BRIEF DESCRIPTION OF THE SEVERAL VIEWS OF THE DRAWINGS
[0009] A general architecture that implements the various feature
of the invention will now be described with reference to the
drawings. The drawings and the associated descriptions are provided
to illustrate embodiments of the invention and not to limit the
scope of the invention.
[0010] FIG. 1 is an exemplary diagram showing an example of a data
reproduction device (video signal transmission device) according to
an embodiment of the invention;
[0011] FIG. 2 is an exemplary diagram showing an example of file
data in a standard that defines video and audio formats that can be
acquired/extracted by the video signal transmission device (data
reproduction device) shown in FIG. 1;
[0012] FIG. 3 is an exemplary flowchart showing examples of a
method of acquiring/extracting video and audio formats that can be
reproduced by a device connected to the video signal transmission
device shown in FIG. 1;
[0013] FIG. 4 is an exemplary diagram showing examples of
specifications of video signal transmission device shown in FIG. 1,
acquired as a video format that can be reproduced by a device
connected thereto according to an embodiment of the invention;
and
[0014] FIG. 5 is an exemplary diagram showing examples of
specifications of video signal transmission device shown in FIG. 1,
acquired as an audio format that can be reproduced by a device
connected thereto according to an embodiment of the invention.
DETAILED DESCRIPTION
[0015] Various embodiments according to the invention will be
described hereinafter with reference to the accompanying drawings.

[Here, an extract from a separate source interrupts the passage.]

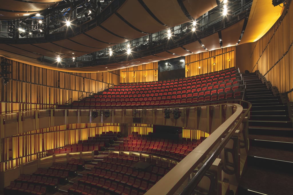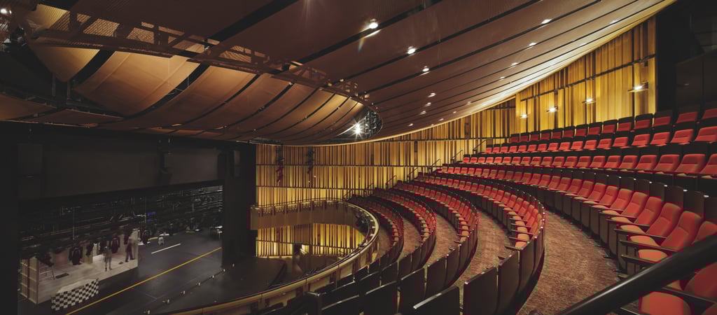 Traditional and modern architecture were merged in the 150-year-old center for the performing arts. In line with this concept, stainless steel mesh with weft wires coated in Venezia Gold was chosen for the suspended ceiling and the balustrades.

In general, according to one embodiment of the invention, an
audio/video signal transmitting device includes a hot plug
detection unit that acquires from a first audio and video
reproduction device and a second audio and video reproduction
device, formats of audio/video data that can be reproduced by each
of the reproduction devices; a setting processing unit that extract
a common format of the acquired formats of the audio/video data
that can be reproduced by each of the reproduction devices; and an
output signal processing unit that supplies the audio/video data to
be reproduced to the first and second audio and video reproduction
devices in accordance with the extracted common format.
[0016] According to an embodiment, FIG. 1 shows an example of a
video/audio signal reproduction device according to the present
invention is applicable to, for example, a personal computer (PC)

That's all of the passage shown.